LAST EDITED ON 02-17-11 AT 03:42 PM (EST)
Friends and fellow spoilers , it is I again. And, although I am a straight man, I am dodging the US Marshals Office (they have a subpoena for me) so I once again I have to disguise myself as MissyPissy, a trisexual 18YO nymphet. I am writing, naked, skin dewy from ocean spray and a heavy application of coconut oil, in full view of the beach road down below, on the sundeck of my penthouse apartment overlooking an ocean which cannot be named right now due to security concerns. However if I were to look Northwest, and could see several thousand miles, I would be able to see Russia.

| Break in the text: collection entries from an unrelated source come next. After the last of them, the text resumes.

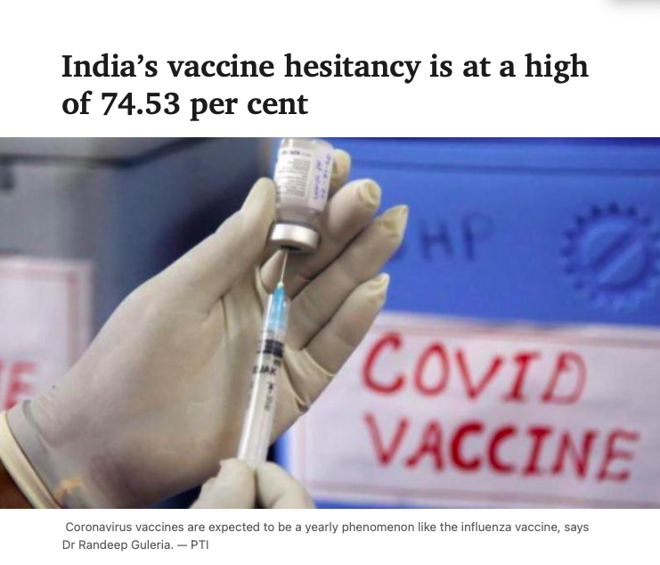The Deccan Chronicle has recently reported that vaccine hesitancy is as high as 74.53%.
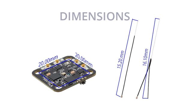 Сучасний дизайн і легкість встановлення: завдяки компактним розмірам і вазі, приймач легко інтегрується в будь-яку модель. Міжутворювальна відстань 20х20 мм спрощує монтаж навіть на малих платформах.
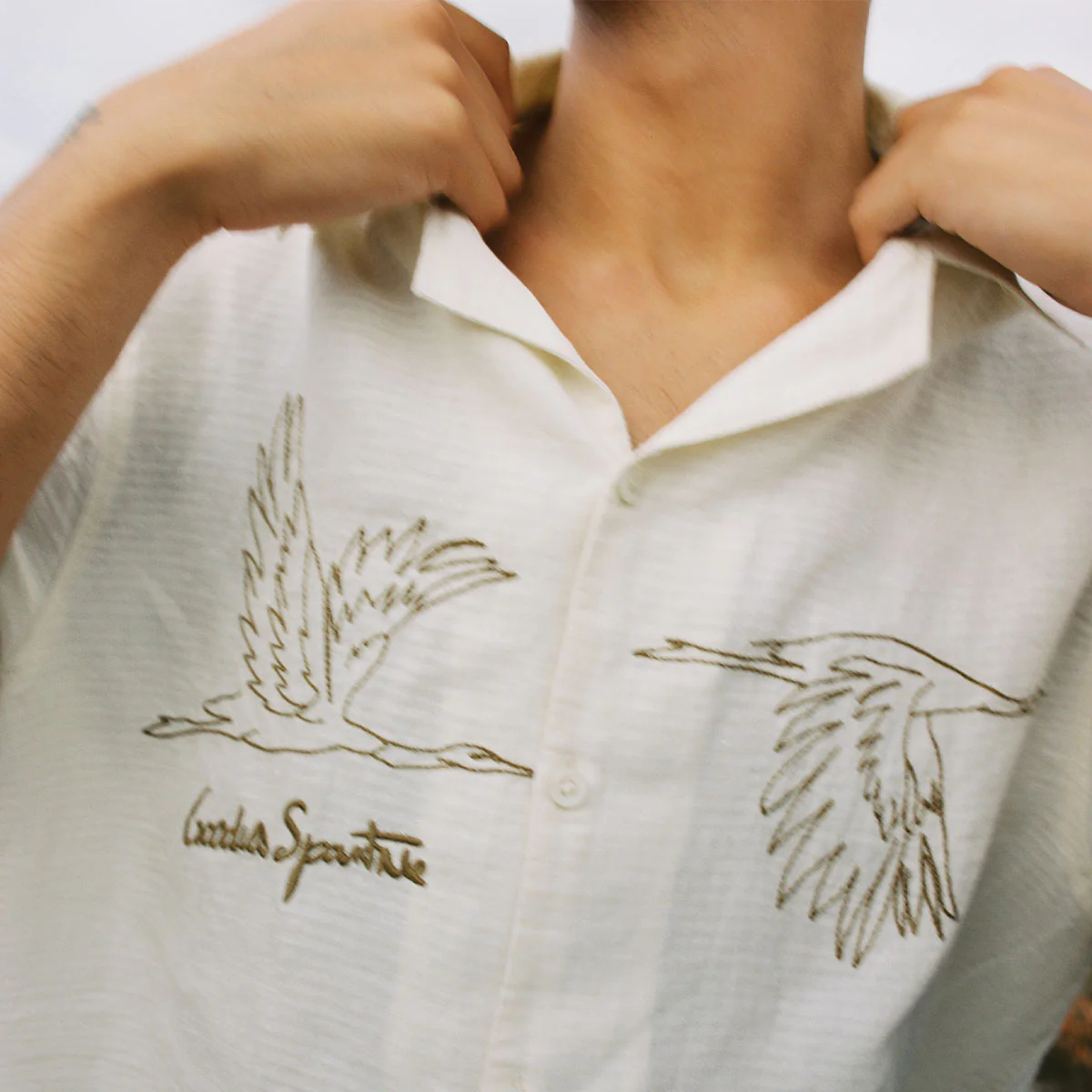 Chemise Goodies Sportive fabriquée dans un étonnant mélange coton, lin et de lyocell. Coupe boxy. Oies brodées à la main dans un style rustique, ainsi que le logo en broderie 3D.
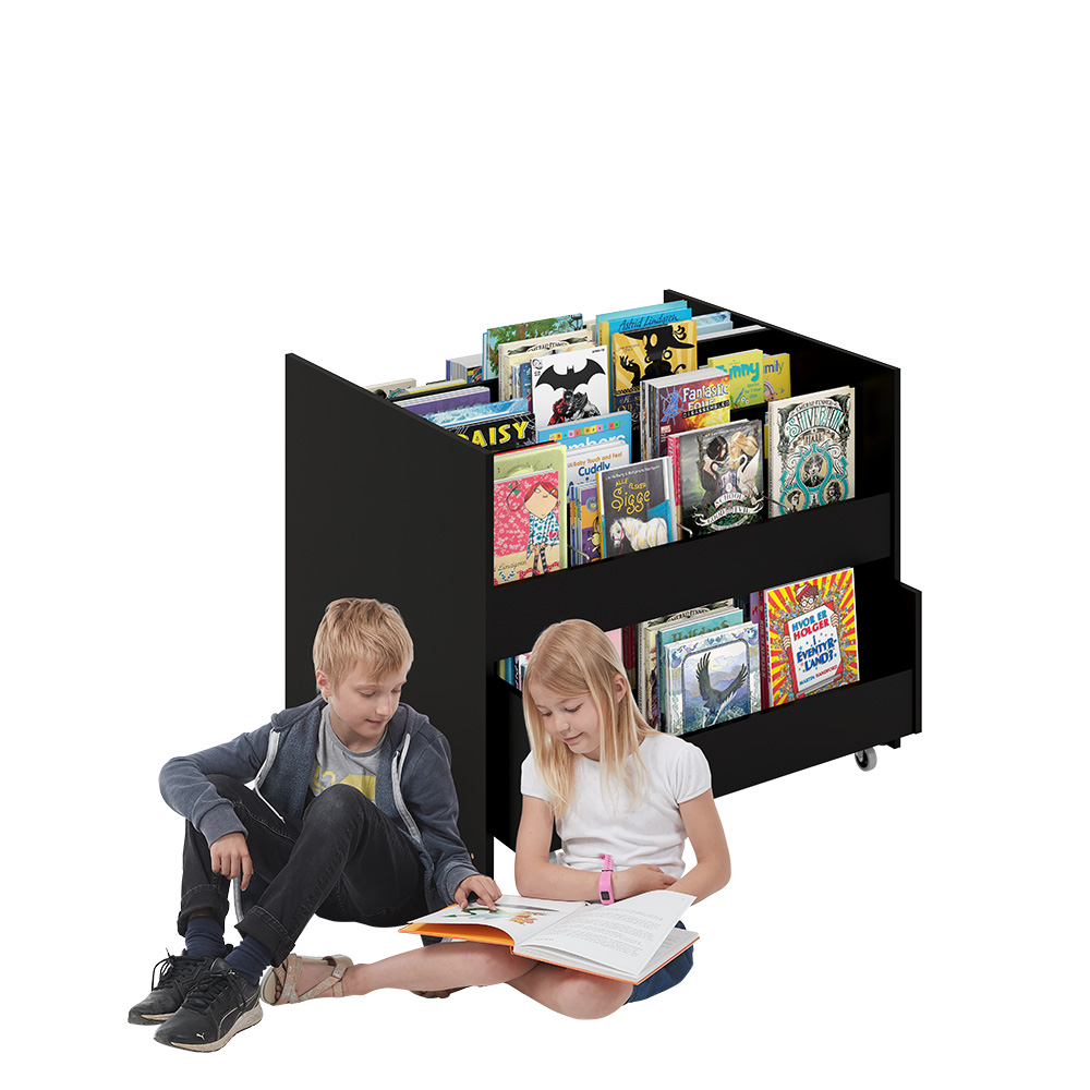 Populaire, dubbelzijdige boekenbak met 3 niveaus, 2 verstelbare verdelers en opberglades met 2 compartimenten op wieltjes eronder aan beide zijden.
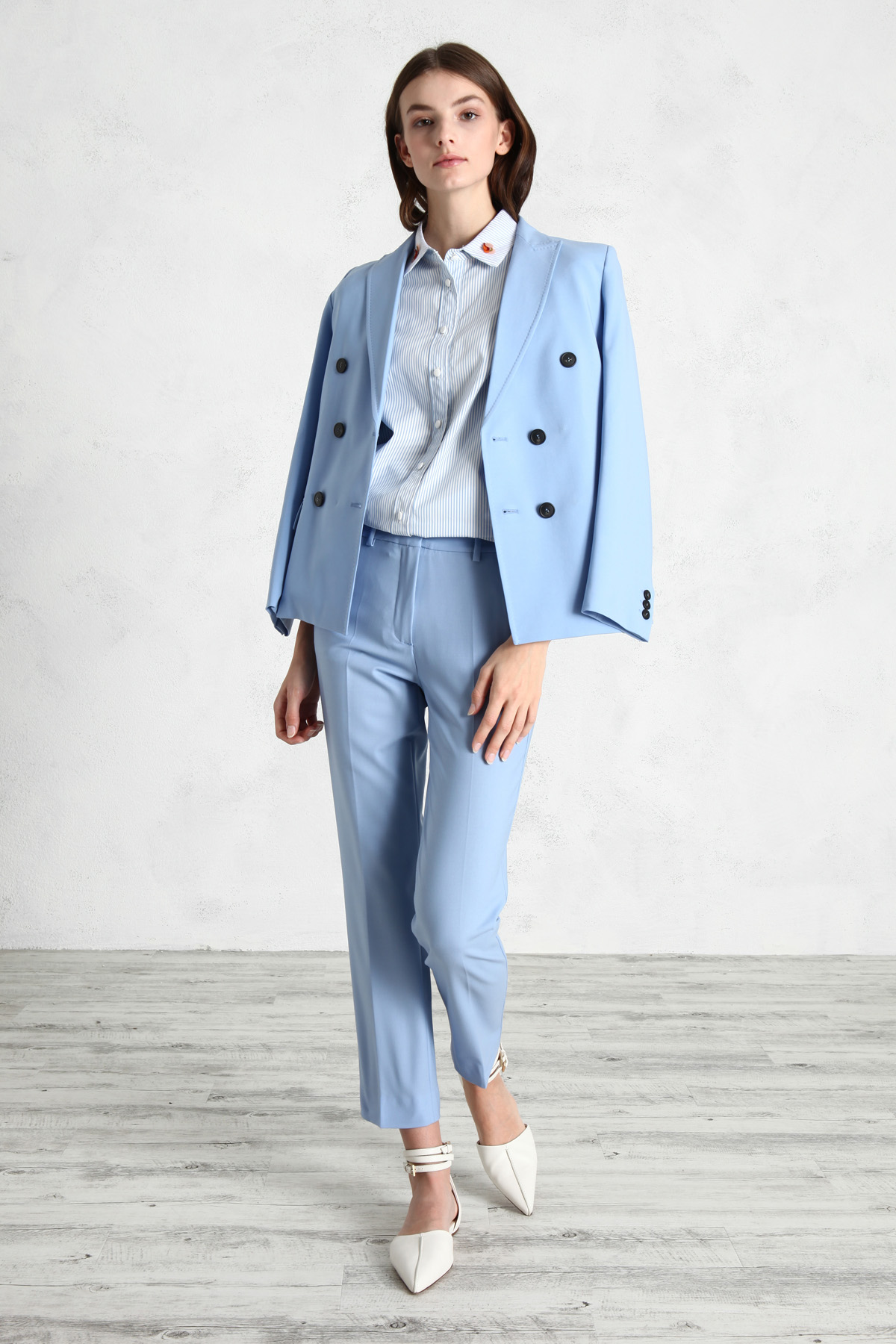 Pantaloni dalla linea dritta realizzati in tela di lana stretch, con tasche alla francese davanti e a filetto con bottone dietro. Allacciatura nascosta con zip, bottone e gancio.
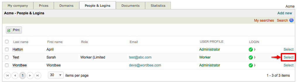 Click on Select on the right side of the People & Logins Tab for the user you would like to modify:

For those of you who read last week’s MissyPissy spoilering and might have been concerned about the Feds catching onto my disguise, you should be reassured. If they are all like Phillip, well, dude can’t even find his pants.
And I bring you glad tidings of a spoilering nature. I have it on good authority that Mike’s man crush deepens, and he will be caught by the night shift camera man running his fingers thru the impressive pelt of a slumbering Rooster (aka *Steel Wool). Also, Rooster will decide to go sin ropa (ala Richard Hatch), and no one will notice, although they will ask him why he decided to wear fur overalls in Nicaragua. Fortunately for them, they haven’t a clue. And fortunately for him, the monkeys haven’t noticed him yet.
On to Spoilering:
Clue #1 – Blurring. There will be blurring. This week there will be asscrack blurring, and my source hints at a possible "nip" blur as well. Unfortunately, there is also a possibility of a Phillip "tip" blur, so be prepared for an involuntary gag reflex.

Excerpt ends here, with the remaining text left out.